Determining the optimal U correction – Self-consistent Hubbard-U corrections for transition metal oxides

As outlined in the theory section, a choice for the U correction strength can be made such that the spurious curvature in DFT energy as a function of occupation can be corrected. This can be done on a site by site basis for each hubbard atom in the system (transition metals) with DFPT. Once the U parameters are obtained for a system using DFPT, the DFT + U calculations can be performed with at least partially corrected SIE. This can result in a correction of the common errors due to SIE such as the underpredicted band gap, incorrect lattice parameters, and overly-delocalized charges. However, once the U corrections are applied and the ionic positions are relaxed, the Hubbard manifold may change as the projections of the Kohn-Sham states on the local basis change.
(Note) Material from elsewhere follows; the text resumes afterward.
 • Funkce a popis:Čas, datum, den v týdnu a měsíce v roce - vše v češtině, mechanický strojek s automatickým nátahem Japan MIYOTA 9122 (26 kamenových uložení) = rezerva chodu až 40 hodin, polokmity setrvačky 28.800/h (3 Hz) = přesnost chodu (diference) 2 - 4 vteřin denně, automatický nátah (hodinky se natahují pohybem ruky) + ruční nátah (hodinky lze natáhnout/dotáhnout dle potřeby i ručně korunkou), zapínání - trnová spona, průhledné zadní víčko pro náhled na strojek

As a result, the U correction itself may change.

In order to address the structure-dependent nature of the U parameter, it is best to determine the U correction self-consistently. Simply put, the U parameter depends on the structure (e.g. the lattice constant) and the structure on the U parameter. The following workflow outlines a self-consistent procedure to determine the correction.
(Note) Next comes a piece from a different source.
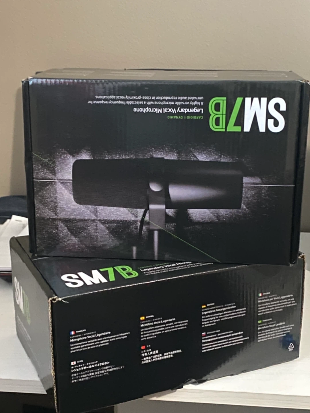 Selling a SM7B Cardioid Dynamic Microphone! It's in new condition and comes with the original box. This legendary vocal microphone is perfect for studio recording, podcasting, and broadcasting. Get that smooth, warm sound you've been looking for!

Fig.1) Self-consistent workflow for determining optimal effective U parameters

First an initial structure is used to get the initial estimate of the $U^i$ per site. Using GGA or experimental lattice constants is usually suitable. After DFPT is used to calculate the parameters, the structure should be relaxed. A comparison should be made between the $U^i_n$ for the current iteration, $n$ , and the previous iteration, $U^i_{n-1}$ . Though a set tolerance has not been established for the convergence of the $U^i$ per site, a convergence tolerance of $U^i = 10 meV/site$ is recommended. Other properties can be checked for convergence at this stage such as the lattice constant, $a_n$ . If the $U^i$ are converged as well as other desired quantities, a final SCF calculation can be performed to obtain system energies. If not, the $U^i$ should be recalculated with the adjusted lattice parameters using DFPT and the process repeated. This should be done until the desired tolerance(s) is/are achieved.